Monday, May 31, 2021

Future State - Top Ten: #5. Swamp Thing

 


Writer: Ram V

Artist: Mike Perkins

After the first two weeks of Future State I had declared this one the achievement to beat. When all was said and done four other stories beat it, but that hardly diminishes the first issue of Ram V and Mike Perkins’ Swamp Thing, a master class of tone and setting.

I’m not the biggest Swamp Thing fan. Part of that is because I’m also not the biggest Alan Moore fan. His Swamp Thing was Moore’s calling card before he had any other credentials, and remains one of his most celebrated runs. He famously made existentialism cool in comics when he postulated that Swamp Thing wasn’t even Alec Holland but a plant creature who thought he was, a deconstruction of superhero secret origins that still stands as unique in the modern era. 

But I never got around to reading much of it, and what I have suggests much of it is Moore being Moore, which for me isn’t really my thing.

The closest I came to being a fan of Swamp Thing was Charles Soule’s run in the New 52, which rounded out Scott Snyder’s (which has been completely forgotten by the same rabid Snyder fans who proclaimed his Batman to be the only good thing about the New 52). Soule focused heavily on Swamp Thing mythology, which for me is a reliable source of superhero comic entertainment. 

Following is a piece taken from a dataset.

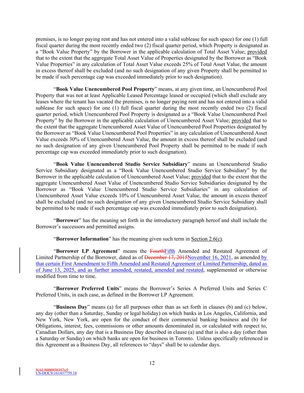 NAI-5000938357v5 US-DOCS\161437759.18 12 premises, is no longer paying rent and has not entered into a valid sublease for such space) for one (1) full fiscal quarter during the most recently ended two (2) fiscal quarter period, which Property is designated as a “Book Value Property” by the Borrower in the applicable calculation of Total Asset Value; provided that to the extent that the aggregate Total Asset Value of Properties designated by the Borrower as “Book Value Properties” in any calculation of Total Asset Value exceeds 25% of Total Asset Value, the amount in excess thereof shall be excluded (and no such designation of any given Property shall be permitted to be made if such percentage cap was exceeded immediately prior to such designation). “Book Value Unencumbered Pool Property” means, at any given time, an Unencumbered Pool Property that was not at least Applicable Leased Percentage leased or occupied (which shall exclude any leases where the tenant has vacated the premises, is no longer paying rent and has not entered into a valid sublease for such space) for one (1) full fiscal quarter during the most recently ended two (2) fiscal quarter period, which Unencumbered Pool Property is designated as a “Book Value Unencumbered Pool Property” by the Borrower in the applicable calculation of Unencumbered Asset Value; provided that to the extent that the aggregate Unencumbered Asset Value of Unencumbered Pool Properties designated by the Borrower as “Book Value Unencumbered Pool Properties” in any calculation of Unencumbered Asset Value exceeds 30% of Unencumbered Asset Value, the amount in excess thereof shall be excluded (and no such designation of any given Unencumbered Pool Property shall be permitted to be made if such percentage cap was exceeded immediately prior to such designation). “Book Value Unencumbered Studio Service Subsidiary” means an Unencumbered Studio Service Subsidiary designated as a “Book Value Unencumbered Studio Service Subsidiary” by the Borrower in the applicable calculation of Unencumbered Asset Value; provided that to the extent that the aggregate Unencumbered Asset Value of Unencumbered Studio Service Subsidiaries designated by the Borrower as “Book Value Unencumbered Studio Service Subsidiaries” in any calculation of Unencumbered Asset Value exceeds 10% of Unencumbered Asset Value, the amount in excess thereof shall be excluded (and no such designation of any given Unencumbered Studio Service Subsidiary shall be permitted to be made if such percentage cap was exceeded immediately prior to such designation). “Borrower” has the meaning set forth in the introductory paragraph hereof and shall include the Borrower’s successors and permitted assigns. “Borrower Information” has the meaning given such term in Section 2.6(c). “Borrower LP Agreement” means the FourthFifth Amended and Restated Agreement of Limited Partnership of the Borrower, dated as of December 17, 2015November 16, 2021, as amended by that certain First Amendment to Fifth Amended and Restated Agreement of Limited Partnership, dated as of June 13, 2025, and as further amended, restated, amended and restated, supplemented or otherwise modified from time to time. “Borrower Preferred Units” means the Borrower’s Series A Preferred Units and Series C Preferred Units, in each case, as defined in the Borrower LP Agreement. “Business Day” means (a) for all purposes other than as set forth in clauses (b) and (c) below, any day (other than a Saturday, Sunday or legal holiday) on which banks in Los Angeles, California, and New York, New York, are open for the conduct of their commercial banking business and (b) for Obligations, interest, fees, commissions or other amounts denominated in, or calculated with respect to, Canadian Dollars, any day that is a Business Day described in clause (a) and that is also a day (other than a Saturday or Sunday) on which banks are open for business in Toronto. Unless specifically referenced in this Agreement as a Business Day, all references to “days” shall be to calendar days.

Anyway, so I didn’t come into Future State expecting to love the Swamp Thing entry.

I hadn’t even been overly involved in the career of Ram V. Ram is an emerging talent who was operating below the radar, looking for a breakout work amid consistently excellent material. For me that breakout was this comic. It’s Ram at his most focused, which means a writer who can usually already have an excellent grasp of the potential in arcane characters had found the one character who unlocked his considerable potential.

The first issue is brilliant setup. The second issue is a letdown insofar as the first is so great it’s disappointing that it had to be wrapped up so quickly.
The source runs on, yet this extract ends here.